R CMD INSTALLlinks that static library into the package shared object.- R loads that shared object with
dyn.load().
That final shared object is where the OpenMP runtime dependency must be visible.
If a Rust dependency compiles C/C++ code with OpenMP internally, R’s
SHLIB_OPENMP_*FLAGS macros are not automatically propagated into Cargo’s
native build scripts. You need to ensure both sides agree:
- the native code was compiled with the intended OpenMP-capable compiler;
- the final package link line includes the matching OpenMP runtime flag;
- on macOS, the resulting shared object can find the matching
libomp.dylibat load time.
🔗Inspection Commands
After installing or building the package, inspect the compiled shared object.
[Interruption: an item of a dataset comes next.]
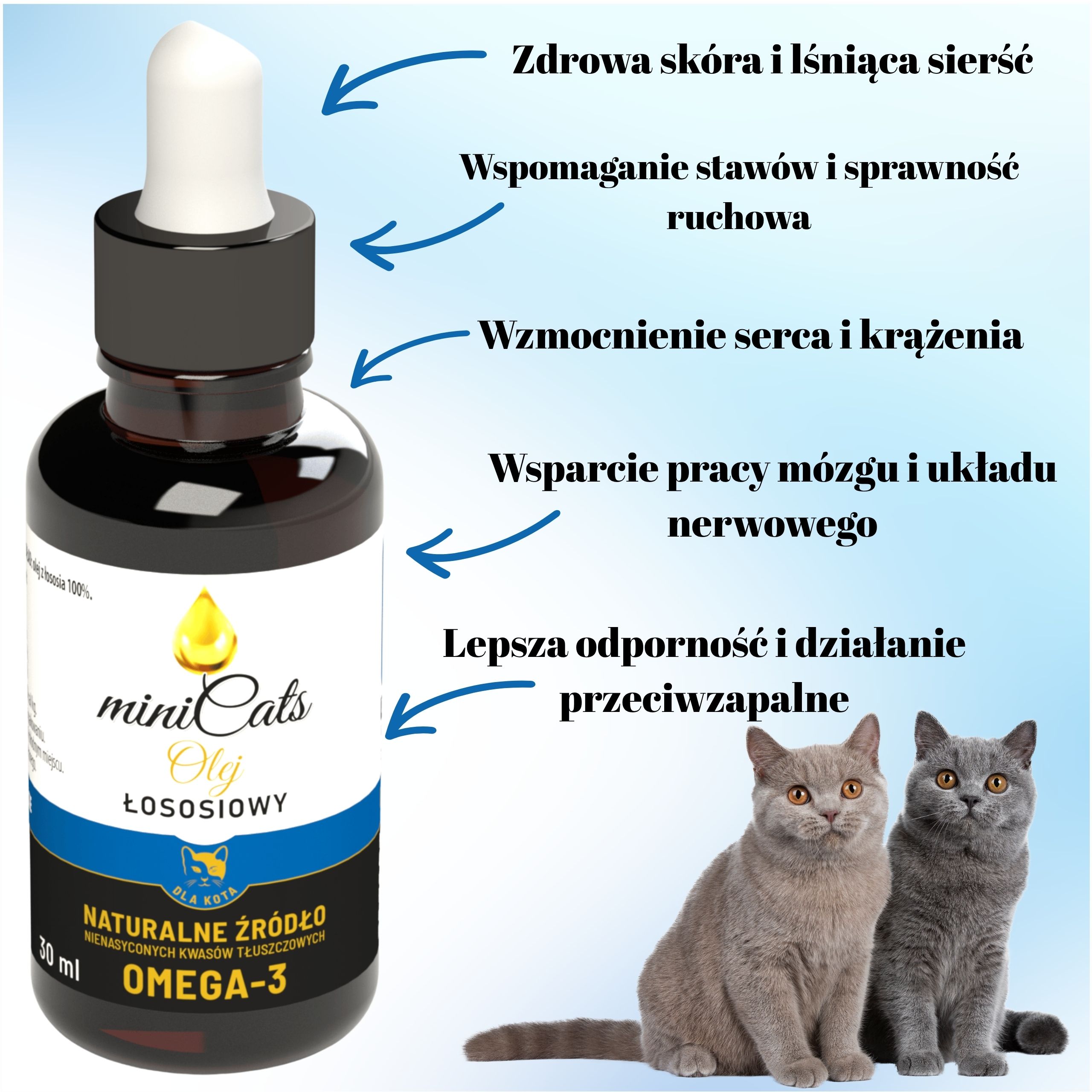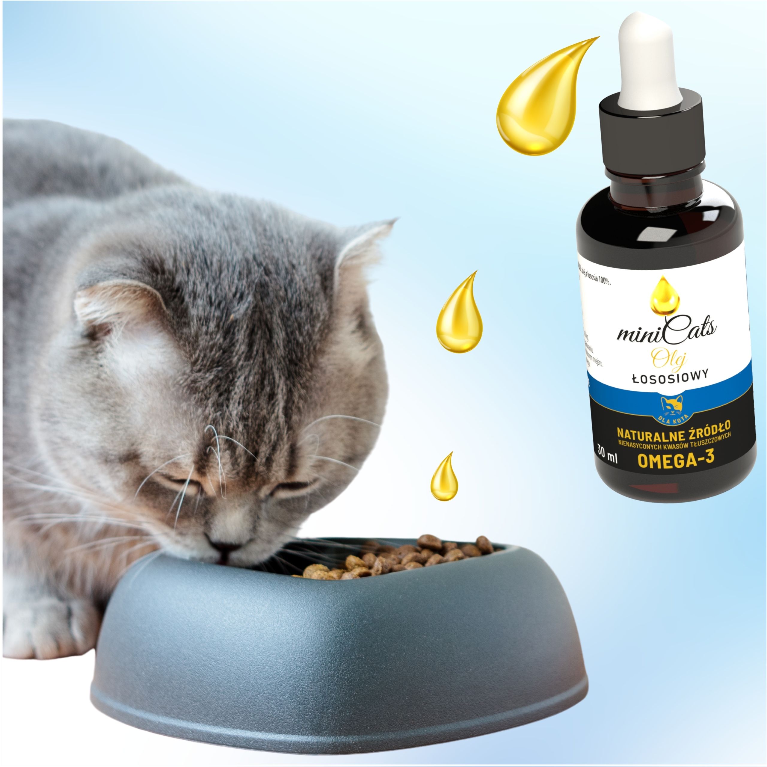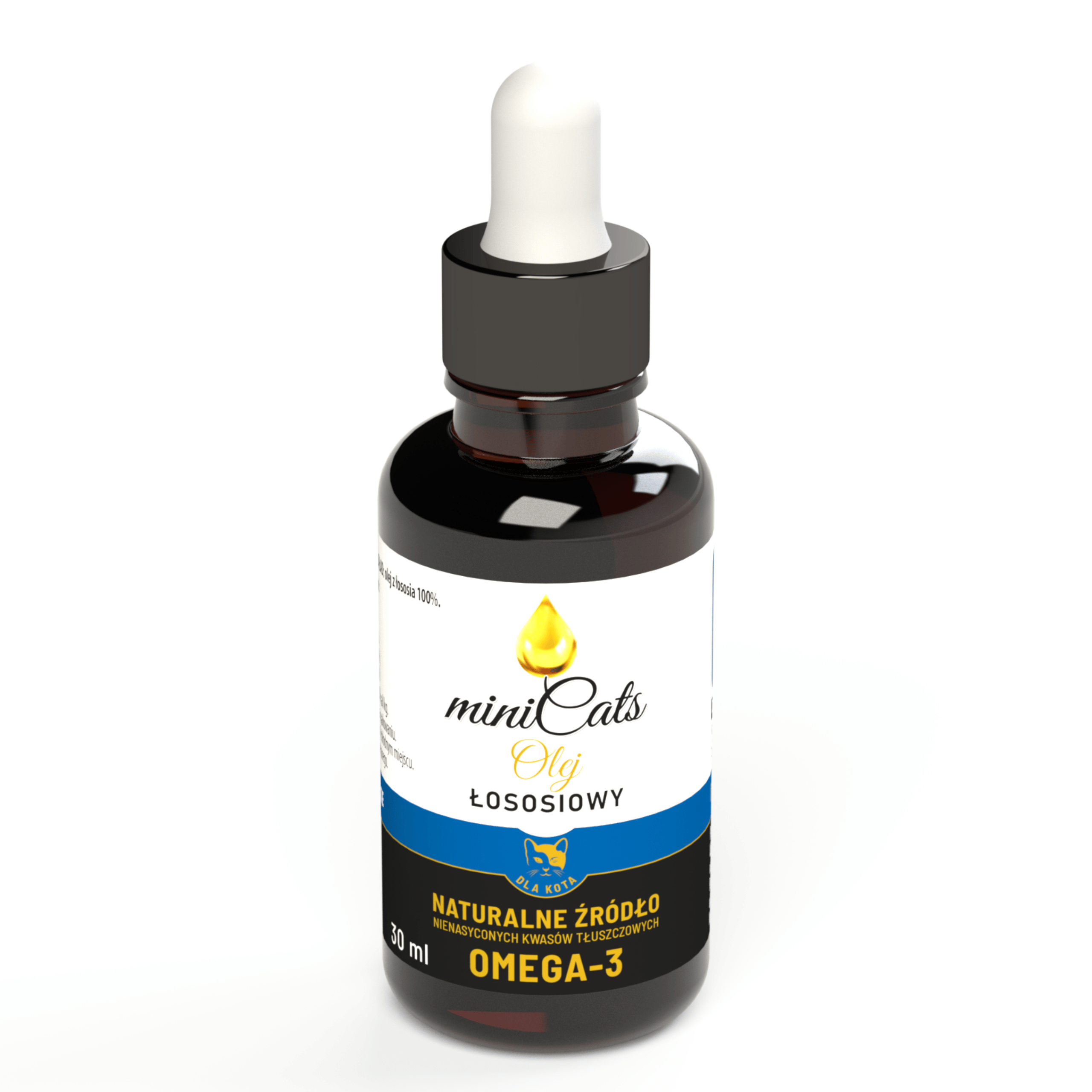 OLEJ ŁOSOSIOWY dla kota 30ml miniCats zimnotłoczony skóra i sierść kotów

Replace mypkg with the actual package name.
On macOS:
otool -L src/mypkg.so
Look for libomp.dylib when the package really uses OpenMP. If the dependency
is recorded as @rpath/libomp.dylib, also check that the package or R process
has a usable rpath for the installed OpenMP runtime.
On Linux:
ldd src/mypkg.so
Look for libgomp.so, libomp.so, or the runtime used by the selected
compiler. A package that uses OpenMP but shows no OpenMP runtime dependency is
usually relying on accidental symbol availability.
On Windows:
objdump -p src/mypkg.dll | grep 'DLL Name'
Check for the OpenMP runtime DLL expected by the active Rtools or compiler toolchain.
🔗Practical Guidance
Keep OpenMP use in one compiler family when possible. Mixing Apple clang,
LLVM clang, GCC, gfortran, and vendor OpenMP runtimes can create packages
that compile successfully but fail at load time.
On macOS, avoid assuming that OpenMP is available because clang exists.
Apple clang needs an external OpenMP setup, and the libomp.dylib used at
runtime should match the compiler support used at compile time.
When a package loads on Linux but not macOS, check the final shared object before changing Rust code. The common failure is not miniextendr initialization; it is that R cannot load the package bundle because the OpenMP runtime dependency is missing, mismatched, or unreachable.